BLYC’s Neon Sign

Commodore Steve Harris – November, 2016

Recently, the “Y” in the neon sign on the Clubhouse roof was not working. Thanks to member Dave Kessler of the Kessler Sign Company, it is now repaired. Oddly enough, in the same time period that I was adding to my notes to remember to thank Dave in the weekly e-News, I stumbled across a bit of the history of this neon “BLYC” sign that has come to be a landmark on Buckeye Lake over the years.

Norman Yoerger joined BLYC in 1917 at the age of 18. He served on the Board of Governors in 1951 and 1952 and was obviously a very active and involved member as he received the Heber Yachtsman Merit Trophy in 1953. He operated the Yoerger Sign Company in Columbus. Started by his father, the company was one of the first in the nation to use neon lights. The company was perhaps best known for producing the massive Roys Jewelers sign, with it’s thousands of blinking lights, that once dominated the intersection of Broad and High Streets in Columbus. Reportedly, Mr. Yoerger said that the sign was too large to fabricate in their shop so he had to lay it out on the floor of a nearby dance hall.

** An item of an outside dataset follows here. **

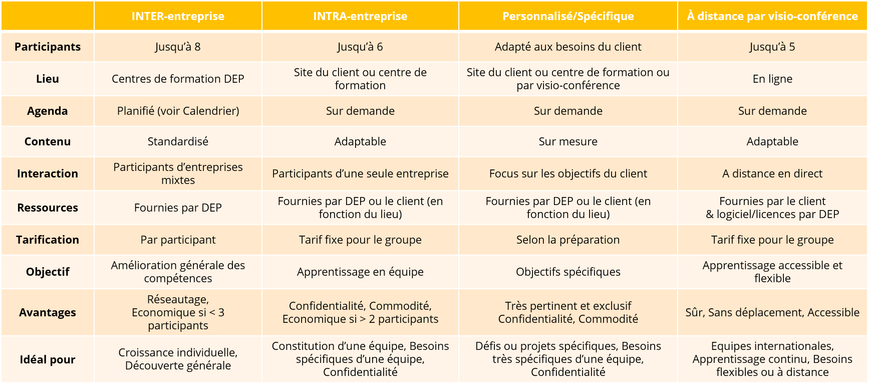 Événements de formation exclusifs, planifiés en fonction de la disponibilité de votre équipe. Réalisées sur site, dans vos locaux ou dans nos centres de formation, ces sessions garantissent un environnement d'apprentissage concentré et adapté à votre entreprise.

According to the “In Memoriam” announcement in the Log following his death in 1987, Mr. Yoerger donated the first neon “BLYC” sign on the front of the Clubhouse as well as the neon cove lighting in the fireplace room and bar area. Whether or not our current sign is the original one made by the Yoerger Sign Company is not known, but from available historical photos of the Clubhouse, we know that such a sign has been a part of the Club since at least the early 1930’s.